Il en résulte que la responsabilité contractuelle de M. [L] [J] est clairement engagée justifiant qu’il soit déclaré entièrement responsable des préjudices subis par Mme [K] [H].
Sur les préjudices
Il résulte du rapport d’expertise précité que seule la réalisation d’une nouvelle prothèse est envisageable, pour un nouveau montant de 1281,00 euros de telle sorte que Mme [K] [H] est bien fondée à obtenir le remboursement de la prothèse litigieuse, déduction faite des prises en charges de la CPAM et de sa mutuelle, qu’elle a cependant limité à la somme de 942,13 euros.
Par ailleurs Mme [K] [H] est également bien fondée à demander le remboursement d’une somme forfaitaire au titre des déplacements qu’elle a dû effectuer entre son domicile de [Localité 6] et celui du cabinet médical du praticien situé à [Localité 7].
Le tribunal dispose d’éléments suffisants pour évaluer à 300,00 euros cette indemnisation forfaitaire.
Enfin le rapport d’expertise précité a également précisé qu’en raison de l’appareil dentaire inadapté Mme [K] [H] avait subi des problèmes d’élocution, de mastication et d’esthétique.
Les doléances exprimées à cette occasion font état des douleurs ressentis, de la gêne occasionnée par le port des différentes prothèses fournies que ce soit pour manger ou pour seulement les supporter.
Enfin même si la prothèse litigieuse a dû être abandonnée, il en est résulté un préjudice esthétique pour la demanderesse condamnée à porter son ancien appareil dégradé par son usage et son ancienneté.
Le tribunal dispose d’éléments suffisants pour fixer à 4000,00 euros les préjudices en résultant.
Sur les autres demandes
Sur les dépens
Selon l’article 696 du code de procédure civile la partie perdante est condamnée aux dépens, à moins que le juge, par décision motivée, n’en mette la totalité ou une fraction à la charge d’une autre partie.

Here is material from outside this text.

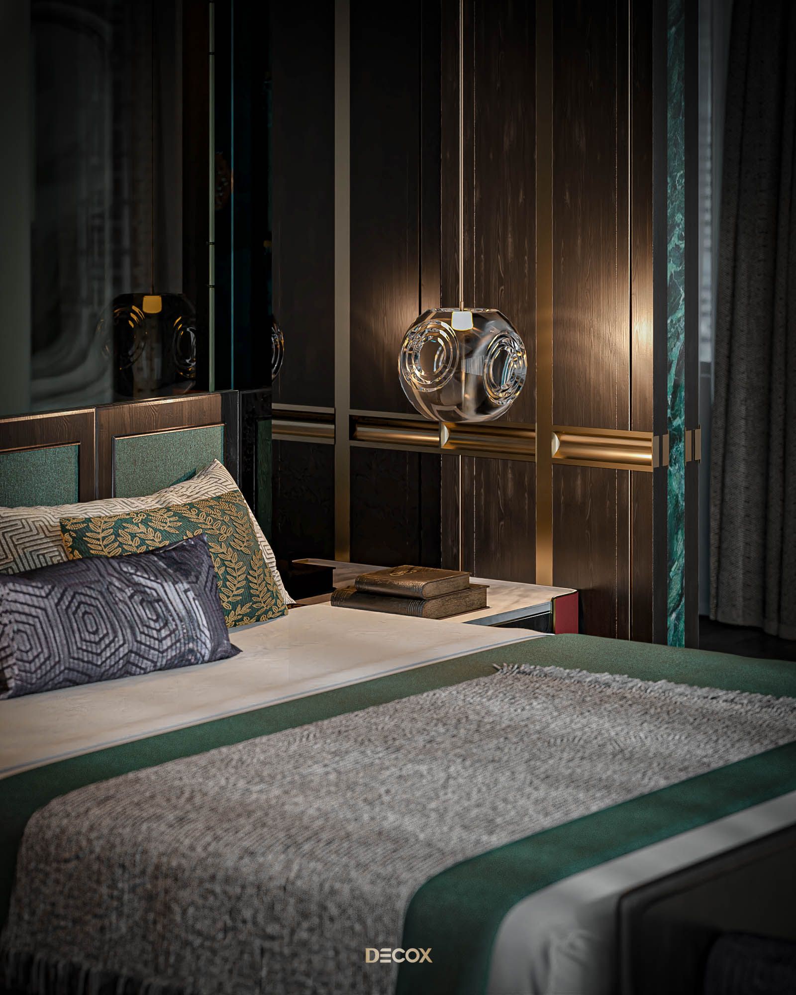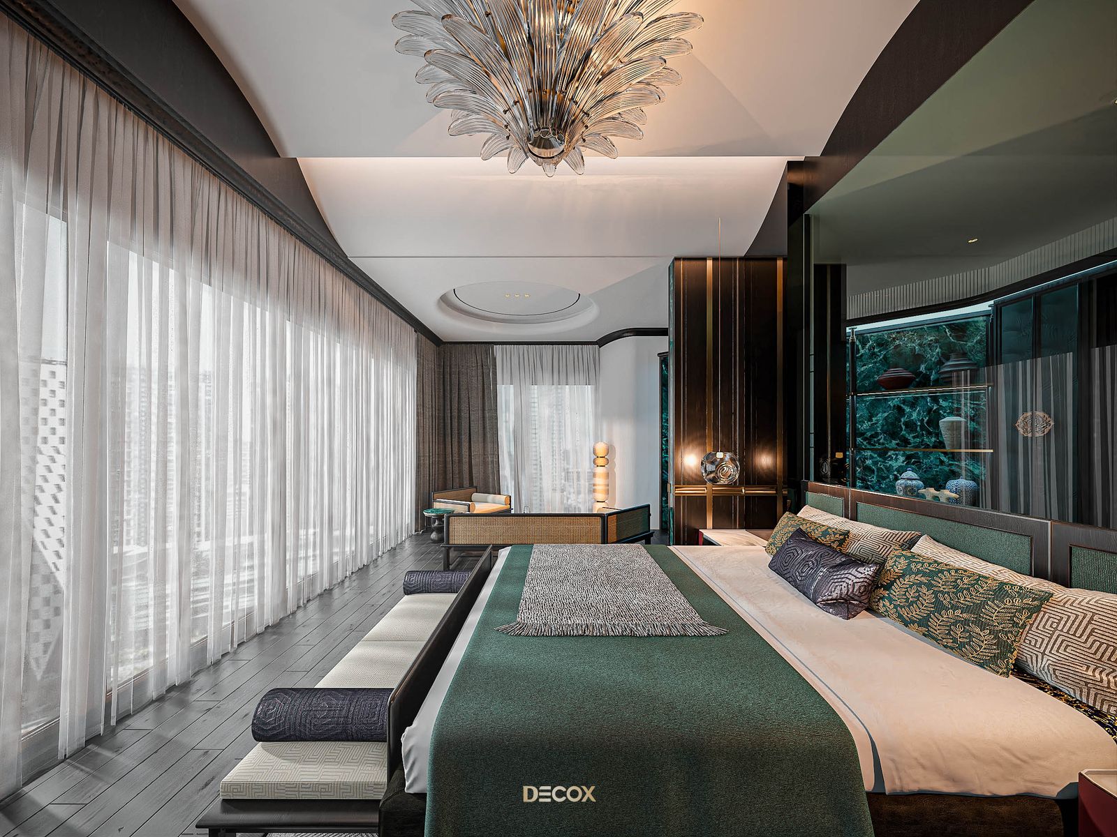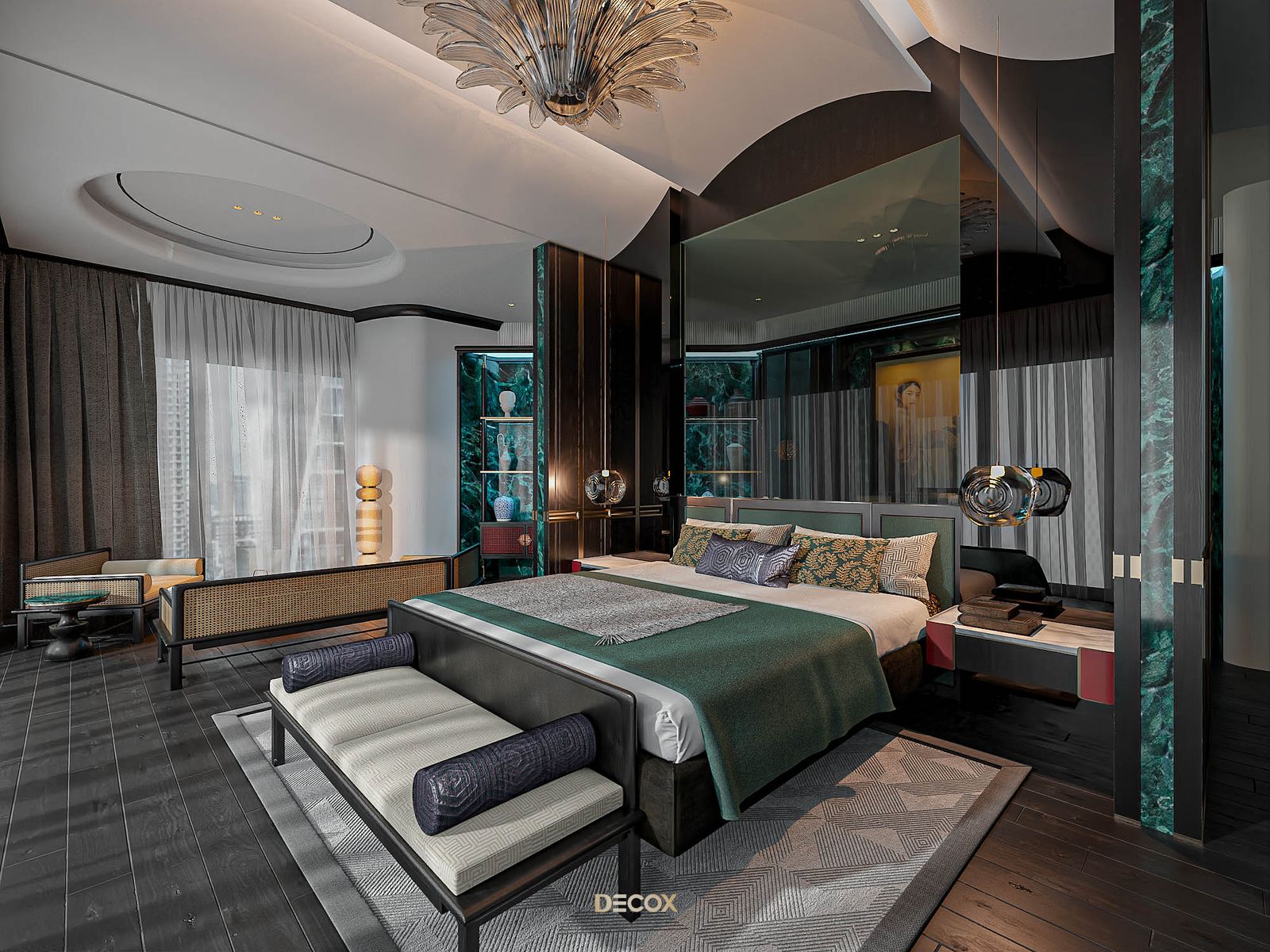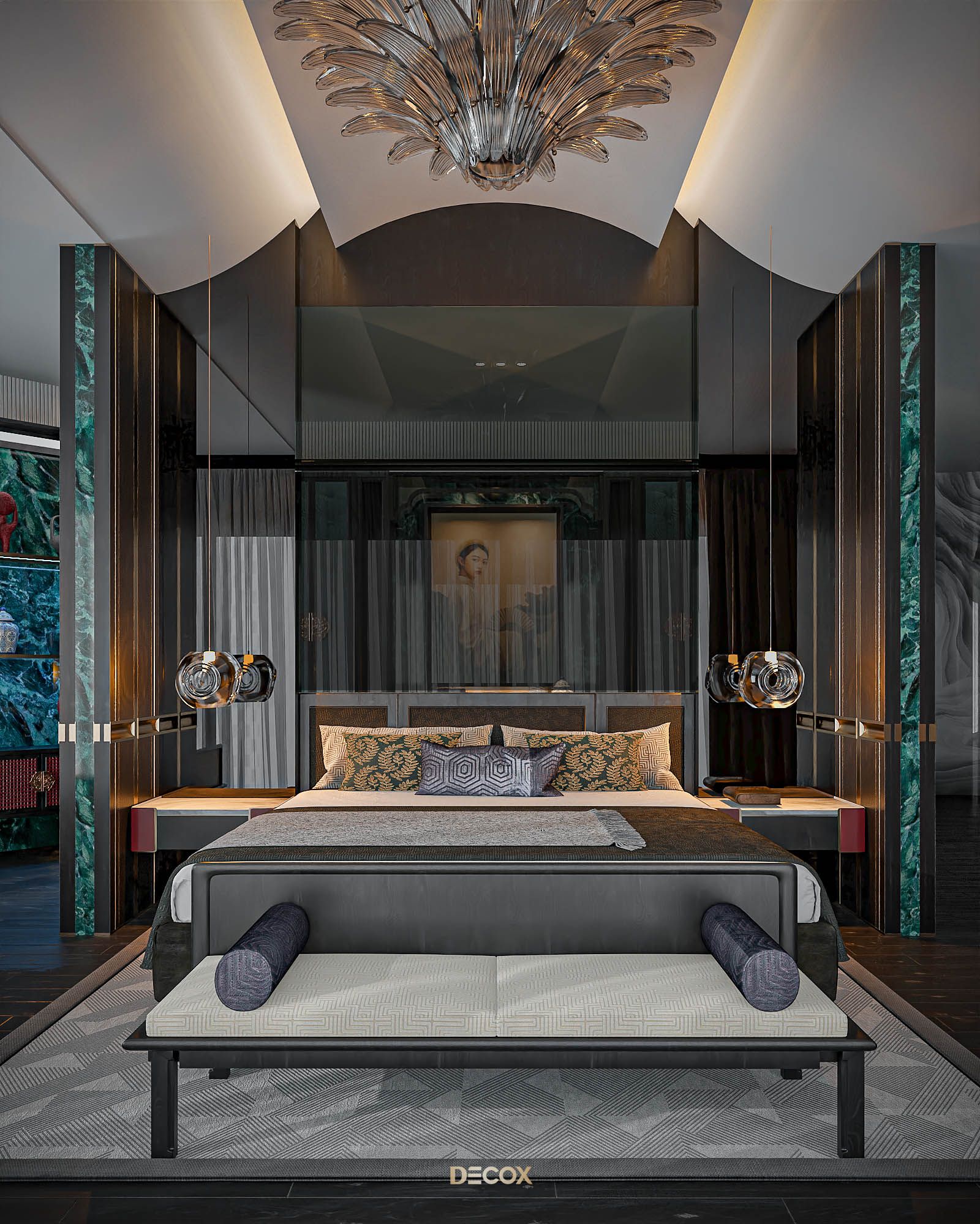 Không cầu kỳ trong đường nét, họa tiết, sức hút của không gian phòng ngủ master phụ thuộc phần lớn vào màu sắc và chất liệu sử dụng. Trong đó, phải kể đến chất liệu emerald green marble như một viên “ngọc lục bảo” - sang trọng và kiêu kỳ, nhấn điểm hệ tủ trưng bày, vách ngăn, bàn trà…Hay vách đầu giường được “tạc dũa” từ chất liệu kính xám khói, vừa sang trọng vừa bắt nhịp xu hướng thời đại.

En l’espèce, il convient de dire que M. [L] [J], succombant à l’instance, supportera la charge des dépens.
Sur les frais irrépétibles
L’article 700 du code de procédure civile dispose que le juge condamne la partie tenue aux dépens ou qui perd son procès à payer à l’autre partie la somme qu’il détermine, au titre des frais exposés et non compris dans les dépens. Dans tous les cas, le juge tient compte de l’équité ou de la situation économique de la partie condamnée. Il peut, même d’office, pour des raisons tirées des mêmes considérations, dire qu’il n’y a pas lieu à cette condamnation.

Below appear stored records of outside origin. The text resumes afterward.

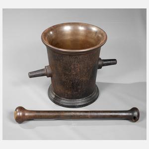 19. Jh., Eisenguss bronziert, leicht konisch zulaufende zylindrische Wandung mit ausschwingender Mündung, zwei schlichte seitliche Handhaben, passender Pistill, Altersspuren, H ges. 68 cm.
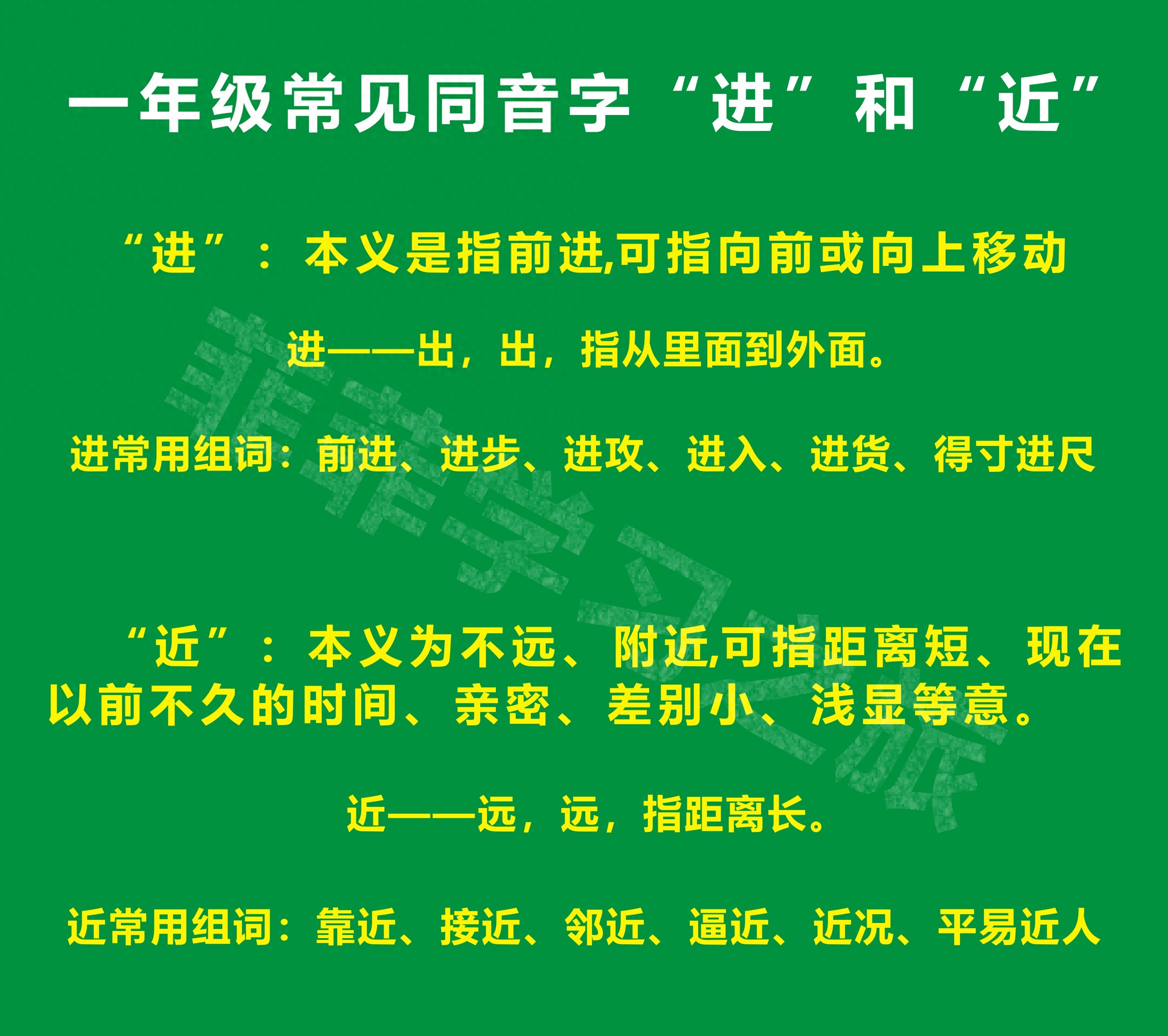 同音字“进”和“近”的区别和用法,一年级同音字进和近解析
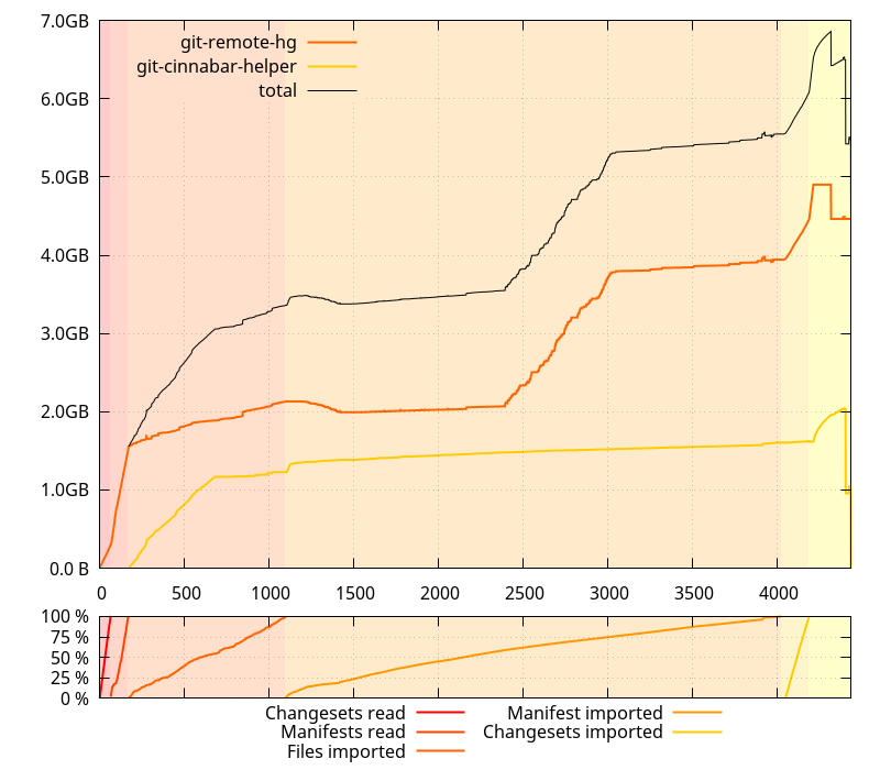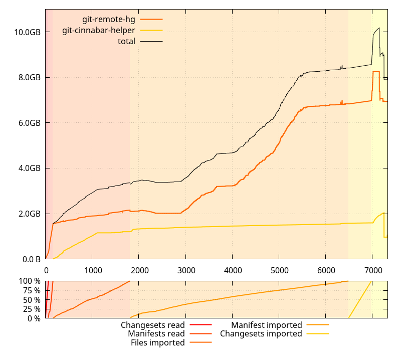 Less time spent, less memory usage... ok. There's definitely something wrong on master. But wait a minute, that slope from ~2GB to ~4GB on the git-remote-hg process doesn't actually make any kind of sense. I mean, I'd understand it if it were starting and finishing with the "Import manifest" phase, but it starts in the middle of it, and ends long before it finishes. WTH?
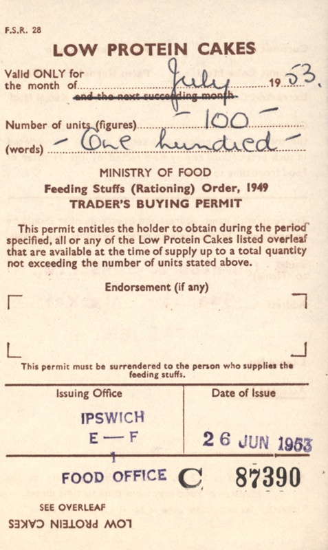 About this objectOne of eight Rationing Coupons issued by the Ministry of Food under the feeding stuffs (rationing) order 1949. Each constituting a traders buying permit and issued respectively in April, June and July 1953. This coupon is for low protein cakes.

Il convient, en l’espèce de condamner M. [L] [J] à payer à Mme [K] [H] la somme de 2400,00 euros TTC au titre de ses frais irrépétibles
Sur l’exécution provisoire
Aux termes de l’article 514 du code de procédure civile : « les décisions de première instance sont exécutoires à titre provisoire à moins que la loi ou la décision rendue n’en dispose autrement. »

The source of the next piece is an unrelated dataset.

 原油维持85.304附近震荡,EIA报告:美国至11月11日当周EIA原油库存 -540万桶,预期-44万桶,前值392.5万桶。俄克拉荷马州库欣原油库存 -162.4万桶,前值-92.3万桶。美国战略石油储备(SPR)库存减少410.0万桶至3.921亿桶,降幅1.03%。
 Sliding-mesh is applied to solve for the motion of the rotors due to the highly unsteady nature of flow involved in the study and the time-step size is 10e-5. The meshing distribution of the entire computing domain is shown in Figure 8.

Aucun élément de l’espèce ne justifie qu’il soit dérogé au principe de l’exécution provisoire de droit de la présente décision.
PAR CES MOTIFS
Le tribunal, statuant en premier ressort par jugement contradictoire rendu par mise à disposition au greffe,
DECLARE M. [L] [J] entièrement responsable des préjudices subis par Mme [K] [H] ;
CONDAMNE M. [L] [J] à payer à Mme [K] [H] les sommes de :
942,13 euros en remboursement de la prothèse défectueuse ;300,00 euros en remboursement de ses frais de déplacement ;4000,00 euros au titre des troubles dans les conditions d’existence de Mme [K] [H].
CONDAMNE M. [L] [J] aux dépens.
CONDAMNE M. [L] [J] à payer à Mme [K] [H] la somme de 2400,00 euros TTC au titre de l’article 700 du code de procédure civile.
REJETTE toutes autres demandes des parties ;
RAPPELLE que les décisions de première instance sont de droit exécutoires à titre provisoire.
Ainsi jugé et mis à disposition le 24 avril 2025.